I usually returned from the city on the night of the twenty third. The next day I travel to the farm to get paid. I was able to make enough to get presents on Christmas Eve, pay for my next semester of college, and have some spending money. It was well worth it in the end.

So after an adventure like this you are a mess, tired, usually sick, and wanting a clean cockroach-free bed. Most importantly you need sensory isolation. I arrived home to my parents’ house and couldn’t believe the utter silence and serenity. I hugged and kiss my mom and sisters, hugged my dad, and greeted my family warmly. Mom was in the kitchen getting ready for dinner on Christmas Eve, dad was watching football, my sisters were asking me about my adventures. I was numb but content because I was home. Home where it was noise free, warm, roach free, crack free, Milt free, and chaos free.
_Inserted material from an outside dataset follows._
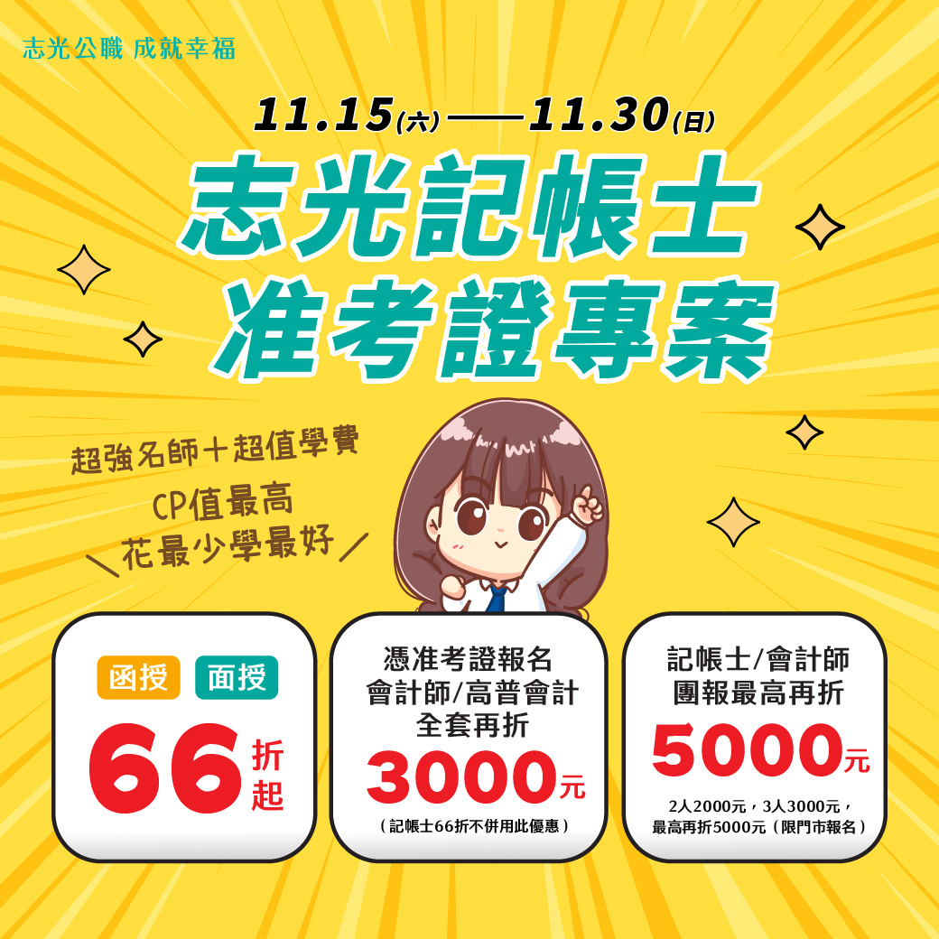 台東志光專辦專技普考記帳士考試課程。想考取記帳士證照嗎?2025記帳士新班開課囉!志光推出函授與雙效學習課程,結合名師教學、題庫演練與雲端學習平台,讓你在家也能高效備考、穩定累積實力,安心衝刺考照目標。

Merry Christmas Everyone and thanks for reading.

Sincerely,

Timeloose

 

 

The City Then and Now

The city was a different place than it is today. This is obvious from my story. There was a lot of negative aspects to the job, but there was much to enjoy as well. So much of what made the place enjoyable and tolerable were the people we met and places we frequented when we had time for a break. These were usually food establishments, stores nearby with stuff I could never find at home, and the excitement and flavor of the city itself. I feel this has been diminished over the years. The same things that make the city exciting to nineteen year old time are the same things that were getting routed out by gentrification and growth. They city is thriving, but along the way that flavor is lost. Most of the great places we ate at are now banks or chain restaurants. Several of the grocery’s we sold in from of are closed including the 110th street store. Below were some of my favorite places, some are no more.

Fowad: Not a restaurant but a strange clothing store with crazy outfits. The window displays were fun to look at.

Happy Burger: I hit this place up for a burger and calendar for many years after I stopped doing tree sales.

Columbia Hot Bagels: The best Bagel I ever had. Chewy and soft at the same time. More Cream cheese than I thought possible.

Mikes Papaya: A great place for a cheap meal. The papaya drinks were good and refreshing. This place has gone away as have many of the papaya hot dog places.

Hotel Windermere: Hotel Hell was renovated and now has apartments for six to fifteen grand a month. WTF? How did they get all of the glass out of the lobby roof?

Dive Bar: Still the same as I remembered

Koronet Pizza: Giant slices of pizza that kept me full while saving money.